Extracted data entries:
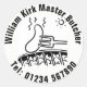 Butcher Shop Aufkleber mit Ihrer Wahl von Firmenname und Telefonnummer. Die Illustration zeigt eine Wurst auf einer Gabel.
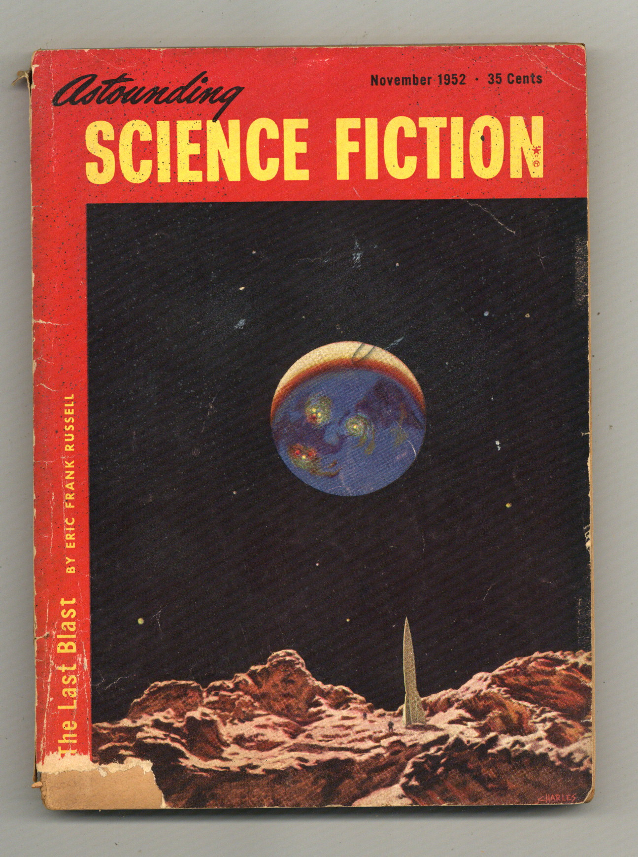 Published Nov 1952 by Street & Smith.$2.70Nov 1952. Volume 50, Issue 3 - 1st printing. Cover by Schneeman. Science fiction stories by Eric Frank Russell, Algis Budrys, Ralph Williams, Gene L. Henderson, and Isaac Asimov ("The Currents of Space" part 2). Illustrations by Orban, Pawelka, and van Dongen. Article on oil. Softcover, 5.5-in. x 7.75-in.; 172 newsprint pages, B&W. Cover price $0.35.
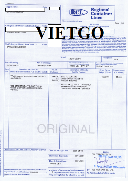 Với kinh nghiệm lâu năm của mình trong lĩnh vực nhập khẩu, anh Tú còn chia sẻ rằng anh rất hay nhập khẩu hàng Việt Nam cho công ty mình do chất lượng và giá cả phù hợp cho thị trường Trung Quốc. Dưới đây là bản vận đơn của một chuyến hàng anh nhập khẩu thành công 1 container 40HC sản phẩm lục bình của doanh nghiệp Việt Nam từ cảng Hồ Chí Minh đến cảng Ninh Ba, Trung Quốc.
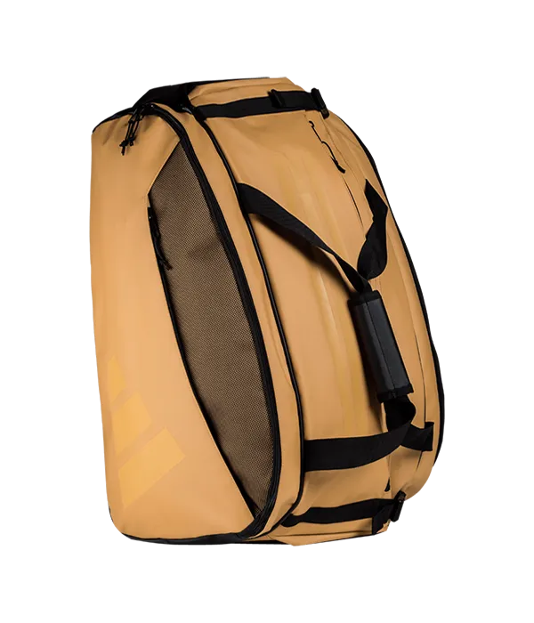 Paletero Adidas Multigame arena con un amplio compartimento central para ropa y equipamiento. En los laterales, integra dos bolsillos thermo con capacidad para dos palas por bolsillo. Además incluye un bolsillo ventilado para mantener el calzado fresco. Cuenta con varios bolsillos para objetos pequeños y dos correas ajustables de malla acolchada para mayor comodidad al transportarlo. Capacidad para 58L.
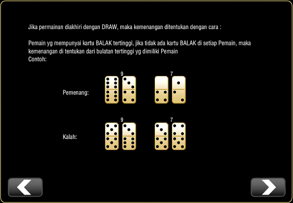 5. Jika akhir dari permainan, terdapat nilai jumlah kombinasi kartu yang seri, maka kemenangan akan di hitung dengan mengadu balak tertinggi dari setiap pemain. Jika dalam meja, tidak ada pemain yang memiliki kartu balak, maka perhitungan akan dilakukan dengan cara pemain yang memiliki bulatan tertinggi akan menjadi pemenangnya.

• WHAT IS REQUIRED: Your copy should consist solely of the lines from the line containing "Published Nov 1952" through the last line of the records above, reproduced exactly, with the pictures left out.

• ANSWER SECTION:
 Published Nov 1952 by Street & Smith.$2.70Nov 1952. Volume 50, Issue 3 - 1st printing. Cover by Schneeman. Science fiction stories by Eric Frank Russell, Algis Budrys, Ralph Williams, Gene L. Henderson, and Isaac Asimov ("The Currents of Space" part 2). Illustrations by Orban, Pawelka, and van Dongen. Article on oil. Softcover, 5.5-in. x 7.75-in.; 172 newsprint pages, B&W. Cover price $0.35.
 Với kinh nghiệm lâu năm của mình trong lĩnh vực nhập khẩu, anh Tú còn chia sẻ rằng anh rất hay nhập khẩu hàng Việt Nam cho công ty mình do chất lượng và giá cả phù hợp cho thị trường Trung Quốc. Dưới đây là bản vận đơn của một chuyến hàng anh nhập khẩu thành công 1 container 40HC sản phẩm lục bình của doanh nghiệp Việt Nam từ cảng Hồ Chí Minh đến cảng Ninh Ba, Trung Quốc.
 Paletero Adidas Multigame arena con un amplio compartimento central para ropa y equipamiento. En los laterales, integra dos bolsillos thermo con capacidad para dos palas por bolsillo. Además incluye un bolsillo ventilado para mantener el calzado fresco. Cuenta con varios bolsillos para objetos pequeños y dos correas ajustables de malla acolchada para mayor comodidad al transportarlo. Capacidad para 58L.
 5. Jika akhir dari permainan, terdapat nilai jumlah kombinasi kartu yang seri, maka kemenangan akan di hitung dengan mengadu balak tertinggi dari setiap pemain. Jika dalam meja, tidak ada pemain yang memiliki kartu balak, maka perhitungan akan dilakukan dengan cara pemain yang memiliki bulatan tertinggi akan menjadi pemenangnya.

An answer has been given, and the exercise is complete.